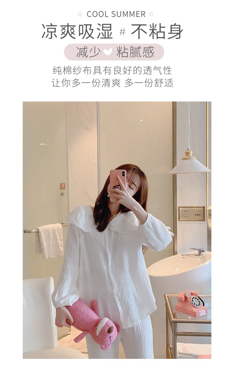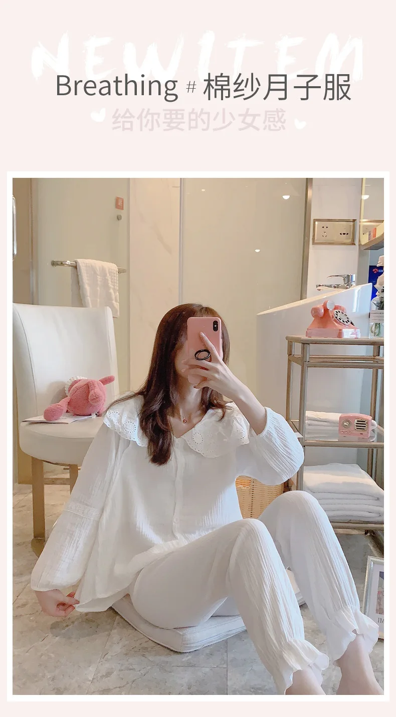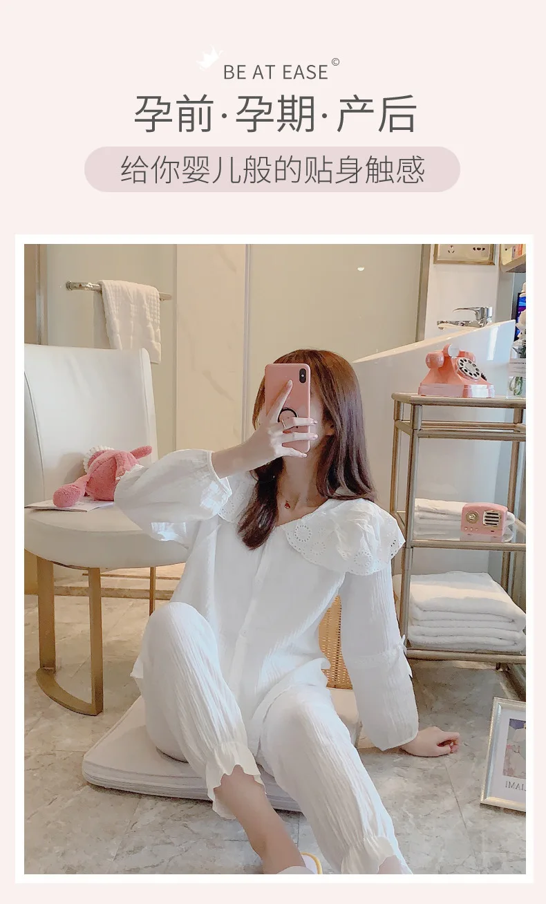 Летняя Новинка Одежда для беременных кормящих женщин 100% хлопок Промытые марлевые пижамы мягкие пижамы для грудного вскармливания костюм для мамы
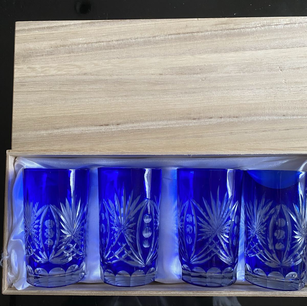 - 新品未使用品◆切子グラス 4個セット 木箱入り カットガラス コップ 藍色 ビアグラス タンブラー 切り子
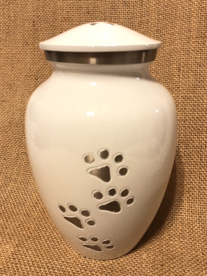 White Urn w/ Paws
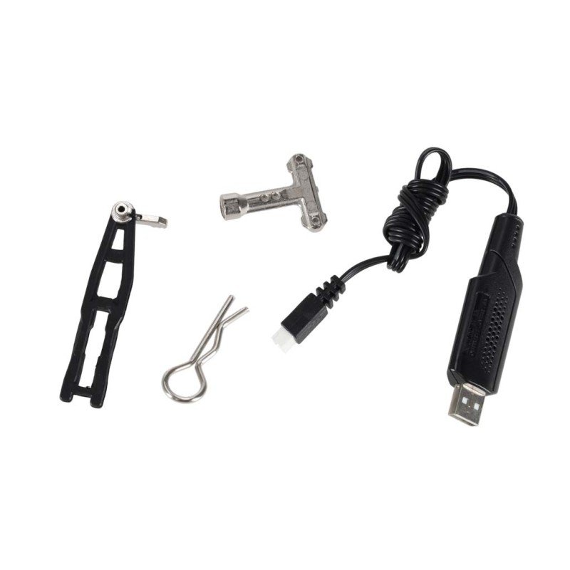 Akumulator modelu o pojemności 1000 mAh naładujesz przy użyciu dołączonego do zestawu przewodu USB. Taka ilość energii to gwarancja dobrej i długiej zabawy! Jego napięcie wynosi 7.4 V, co daje wystarczająco mocy, aby bezszczotkowy silnik napędził model aż do 52 km/h!
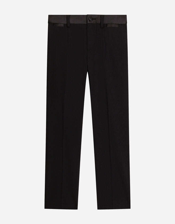 Essa calça clássica de lã com inserções de cetim duchesse da Dolce & Gabbana é a escolha perfeita para a elegância atemporal e a sofisticação do dia a dia.
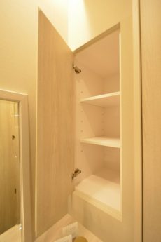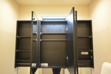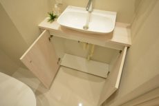 収納はミラーキャビネットと洗面台の下になります。細かい物から大きな物まで上手く収まりそうですね。
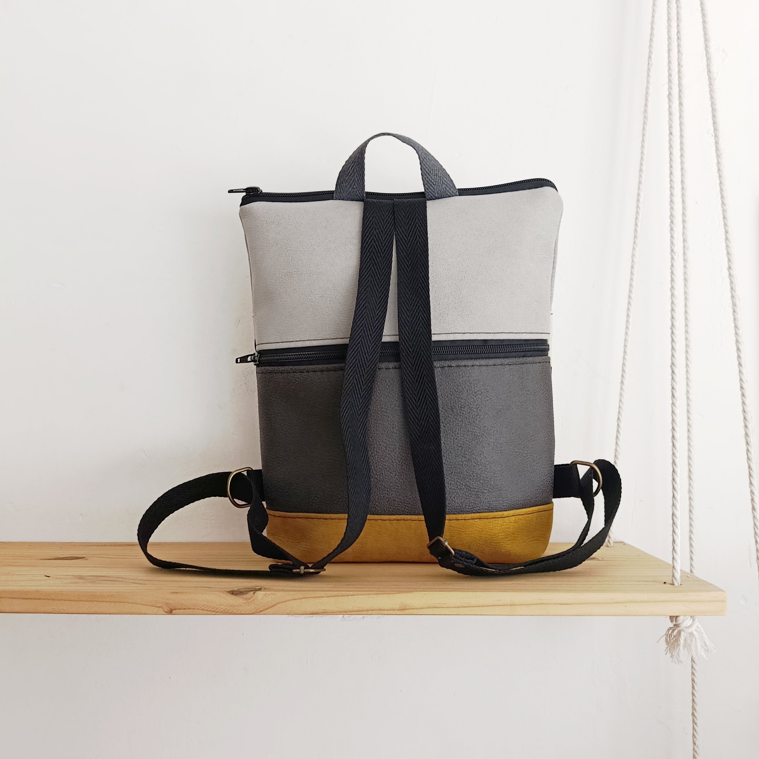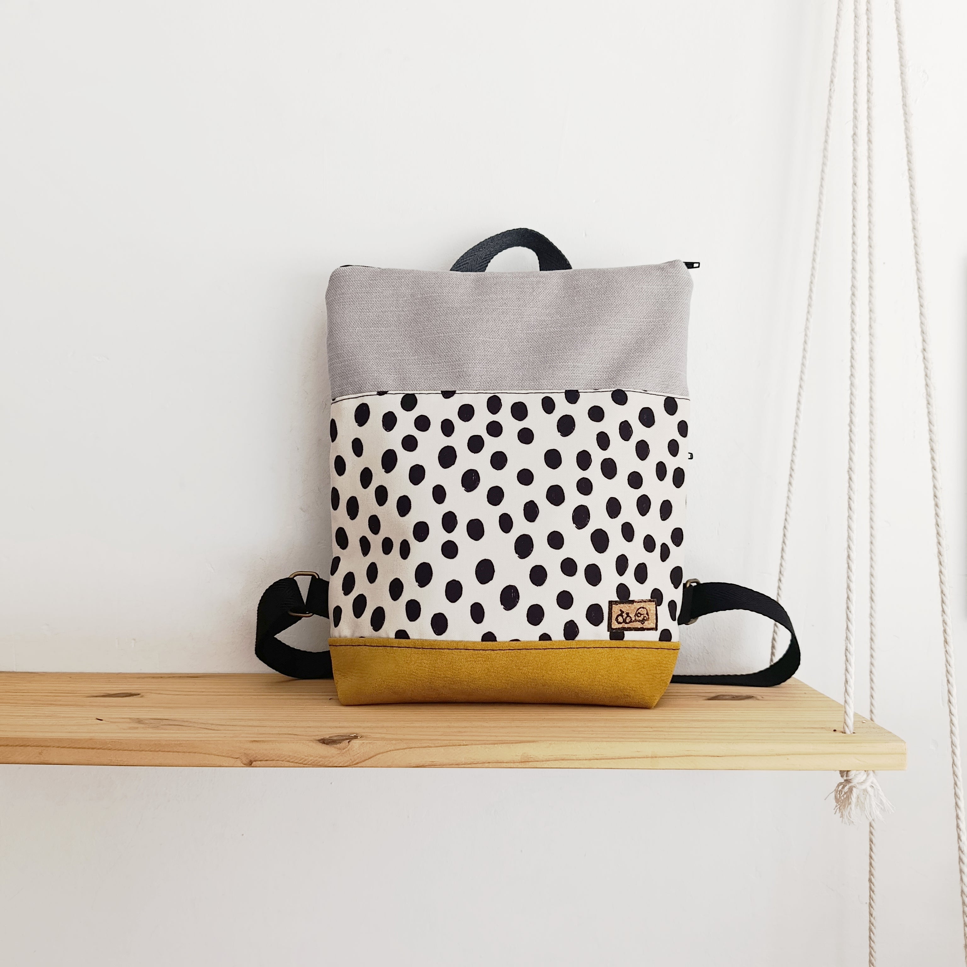 Mochila rectángulo con circulitos, mostaza y gris claro

* * * * *

### About this exercise:
Only the text of the records above is to be reproduced, exactly as given; the pictures are dropped.

### Output for this task:
 Летняя Новинка Одежда для беременных кормящих женщин 100% хлопок Промытые марлевые пижамы мягкие пижамы для грудного вскармливания костюм для мамы
 - 新品未使用品◆切子グラス 4個セット 木箱入り カットガラス コップ 藍色 ビアグラス タンブラー 切り子
 White Urn w/ Paws
 Akumulator modelu o pojemności 1000 mAh naładujesz przy użyciu dołączonego do zestawu przewodu USB. Taka ilość energii to gwarancja dobrej i długiej zabawy! Jego napięcie wynosi 7.4 V, co daje wystarczająco mocy, aby bezszczotkowy silnik napędził model aż do 52 km/h!
 Essa calça clássica de lã com inserções de cetim duchesse da Dolce & Gabbana é a escolha perfeita para a elegância atemporal e a sofisticação do dia a dia.
 収納はミラーキャビネットと洗面台の下になります。細かい物から大きな物まで上手く収まりそうですね。
 Mochila rectángulo con circulitos, mostaza y gris claro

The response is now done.